I agree with everyone. I recently had a similar situation with my second grader. One of her friends in her class died in a car accident...it was just a few months ago. I just explained to DD that her friend was in an accident and had died. DD was devastated. I don't think a day has gone by since the accident where she doesn't talk about her friend. {{{{{HUGS}}}}}}}
I'm so sorry for the loss of your friend. Remember as you tell your dd that it is ok for her to be sad, it is also ok for you to be sad. She will be watching you to learn how to grieve. {{{hugs}}} to you and dd at a difficult time. Don't we all wish we could protect them from this forever?
Thanks, dh is on his way home now and we will talk to her together.
{{{{{COLETTE}}}}} You have my deepest sympathy and prayers. It was one year ago today that I lost my very best friend very suddenly from a pulmonary embolism and I too have young children. Your DD is almost the same age as my DS and like everyone has said be honest and answer all her questions, which will be many and please don't hide your emotions, it helps them to see that you are sad too. My DS thinks of her as an Angel!!!! If she has never been to a funeral home before I suggest you take her. For some reason this helped my DS realize what death means, but that their memory will last forever.

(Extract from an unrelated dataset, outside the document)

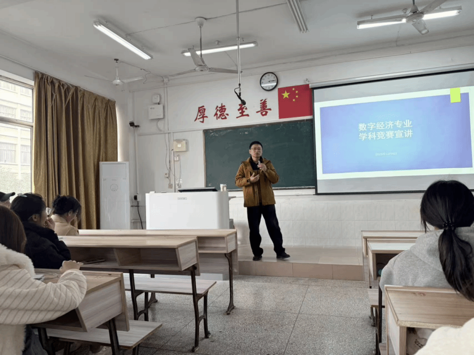 2025年12月8日下午,“数字经济专业学科竞赛专题宣讲会”于跬步楼1306教室成功举办。本次宣讲会由崔发生老师主持,王坤老师担任主讲,数字经济专业教研室主任张子龙、钟诚等多位老师和数字经济专业2025级全体学生参与,旨在系统介绍专业竞赛体系,为新生搭建连接理论知识与实践应用的关键桥梁。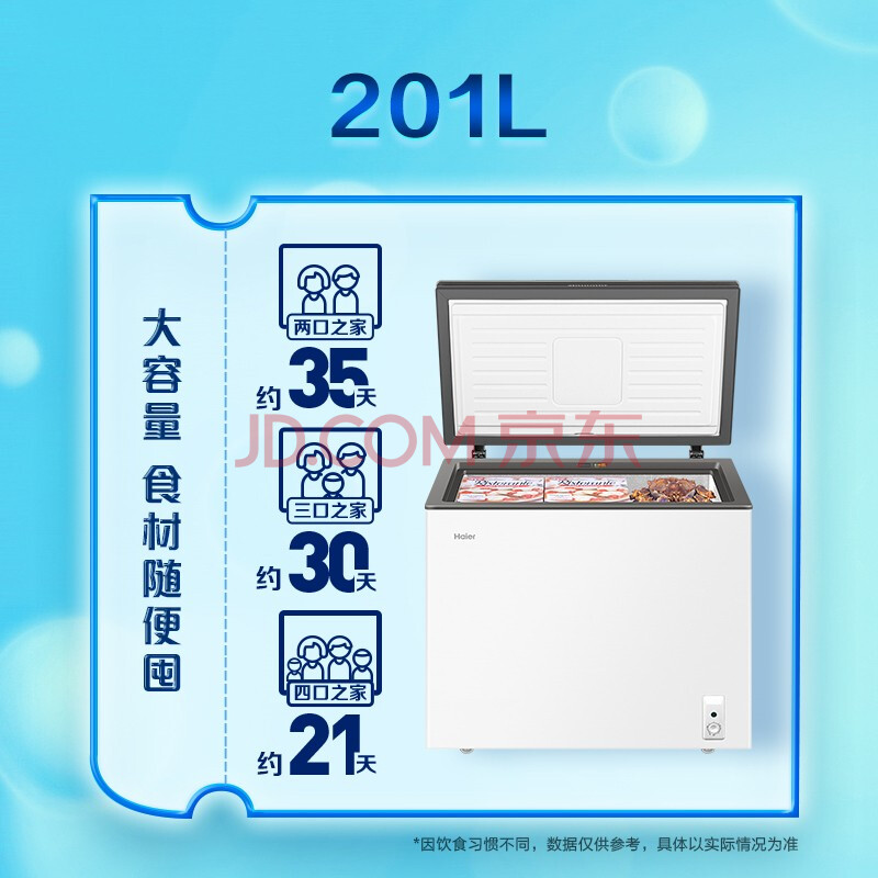 商品相册:海尔 Haier 201升 京馨 彩晶门体家用冰柜 气悬浮减霜80%冷柜 BC/BD-201GHLZS1第

Good advice here. You have to tell her, you need to be honest. But you need to let her take the lead from there. Some kids have a lot of questions, some don't. Just be there for her. Don't be afraid to let her see you cry. We have had several deaths in our family. My dd takes them very hard, but my son's don't. There are days that I still cry, and I have told my children that we each deal with grief in our own way and there is no right way, just because I am crying and sad, doesn't mean they have to be. I was suprised at some of the questions and fears that arose. My son wanted specifics, like what happens to the body, what exactly caused death. My dd fears anytime someone gets sick. I found out the first time I need to be very clear, state she was in an unusually bad car wreck. In 2nd grade they don't rate car wrecks, so if your hubby gets in a fender bender she might worry that he will die later. Good luck, my thoughts and prayers are with you. Is she still in school?
Oh Colette, I'm so sorry. I can't add anything that hasn't already been said but wanted to send {{{HUGS}}} and prayers. How terribly sudden and tragic.
Colette, I'm so very sorry for your loss. {{{HUGS}}}.
I agree that you should just be as honest as possible. I'm so sorry for you and your daughter. There is a WONDERFUL children's book about death called Badger's Parting Gifts, I can't think of the author. It talks about how someone may not be with us anymore, but we can always remember what they contributed to us and in that way ease our grieving. I'm sure you can find it on amazon. (((Hugs)))
I'm so sorry for your and dd's loss. Gosh, that is so sad. Just tell her the truth and be there for her. ((hugs)) I am so sorry.
There is also one called Butterflies: Talking With Children About Death... and Life Eternal by P. William, Rev Vanderwyden Water Bugs & Dragonflies: Explaining Death to Young Children (Looking Up) -- by Doris Stickney Helping Children Cope with Death by The Dougy Center for Grieving Children Good Grief: Exploring Feelings, Loss and Death With Under Elevens and Adults : A Holistic Approach by Barbara Ward Badger's Parting Gifts -- by Susan Varley Sad Isn't Bad: A Good-Grief Guidebook for Kids Dealing With Loss (Elf-Help Books for Kids) -- by Michaelene Mundy You can find them all on Amazon.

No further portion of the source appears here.